Monday, 31 August 2015

German BGH "limits and expands" consumer withdrawal rights with a view to mortgages

Late in 2013 the CJEU issued a judgment (Case C‑209/12) following upon a request for a preliminary ruling under Article 267 TFEU from the Bundesgerichtshof (Germany) in which it held that a national provision, under which a right of withdrawal lapses one year at the latest after payment of the first premium, where the policy-holder has not been informed about the right of cancellation, was contrary to EU law. Before 2008 it was standard procedure in Germany that an insuree would  receive the general conditions of assurance and consumer information only upon receipt of the policy document - hence after conclusion of the contract. Upon receipt of the policy documents consumers were granted a 2 weeks (later 1 month) withdrawal period. If the consumer never received the documents, the right of withdrawal was assumed to having lapsed after a year with the contract hence being valid. This judgment was to have effect for insurance contracts for the time period from 1994 to 2007 giving consumers that had not been correctly informed about their rights basically an "eternal right of withdrawal" that is financially far more favourable than a classical cancellation of such a contract. It puts the consumer in the position as if the contract had never been concluded.
Taking into consideration the CJEU judgment the BGH held that such damage payments may be limited given that the insuree has been profiting from the insurance coverage - thereby limiting the effect of the CJEU judgment to some extent. 
The Allianz, one large German insurance company, at the time did not expect a big impact of the judgment as it claimed to be able to prove that it had sent out the policy documents in time to all its customers. Few cases of consumers trying to withdraw their contracts upon the basis of not having received the policy document were, consequently, expected.

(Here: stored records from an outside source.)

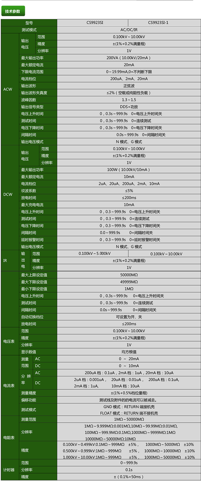 CS9923SI系列程控绝缘耐压测试仪产品参数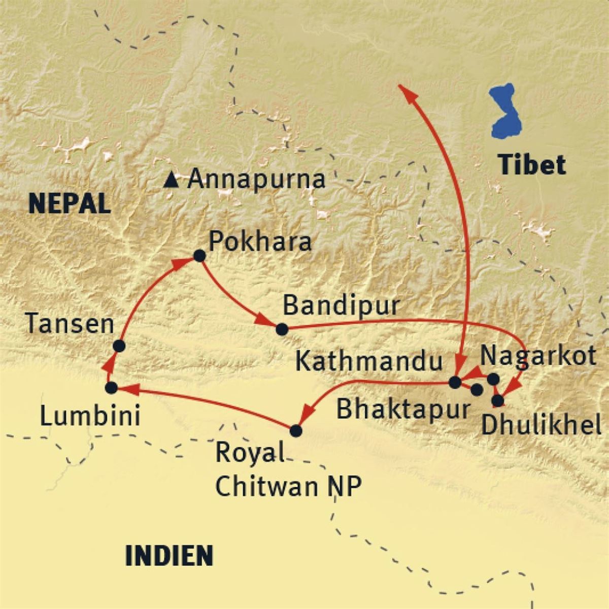 Von Kathmandu aus Fahrt zunächst nach Osten auf dem Prithvi Highway bis Mugling. Ein Großteil der Strecke führt entlang des Trisuli-Flusses. Von dort zweigt die Straße ab in den Süden Nepals, zum Royal Chitwan-Nationalpark, dem letzten verbliebenen Stück Dschungel an der Grenze zu Indien. Obwohl der Park nicht mit den offenen Steppen afrikanischer Nationalparks zu vergleichen ist, wird er von vielen Besuchern gleichermaßen geschätzt (167 km, ca. 5 Std.).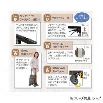アルミフレーム、ストッパーで停止中も安心、便利な後ポケット付、便利な傘ホルダー付、キルティング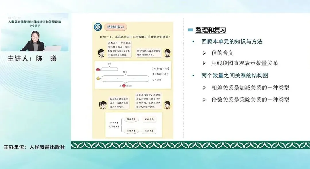 首先是回顾本单元的知识和方法。本单元非常重要的一个概念就是“倍”的含义。其实从方法的角度来讲,需要掌握的是用画图,尤其是线段图来直观地表达数量之间的关系。第二个层次,除此之外还让学生去进一步感受数量之间的这种关系的结构。可以引导学生去发现,相差关系是加减关系的一种类型。倍数关系是乘除关系的类型,有助于学生切换数量之间的这种不同的关系。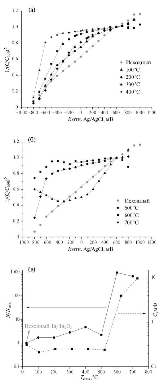 Влияние термообработок на зависимости 1/(С/С600)2 от потенциала образцов изучено в интервале температур от 100 до 700°C (рис. 3а, б). При термической обработке пленок аморфного Ta2O5 на тантале идет так называемое растворение оксида в тантале, обусловленное диффузией атомов кислорода из оксида в металл, которая возможна уже при T=200°C [22]. Обеднение кислородом оксидного слоя приводит к увеличению концентрации кислородных вакансий, что должно сказываться на емкостных характеристиках.

It has, however, generally become popular to withdraw insurance contracts due to formal errors of different kinds (German legislation on the formal requirements kept changing). In a recent judgment the BGH has, in line with the previous judgment, once more confirmed the possibility to limit damage payments because the consumer has benefitted from the insurance protection. At the same time the BGH, however, states explicitely that the consumer upon a successful withdrawal can claim back all the acquisition costs - typically a multiple of Euro 1000 - from the insurer. These may not be subtracted.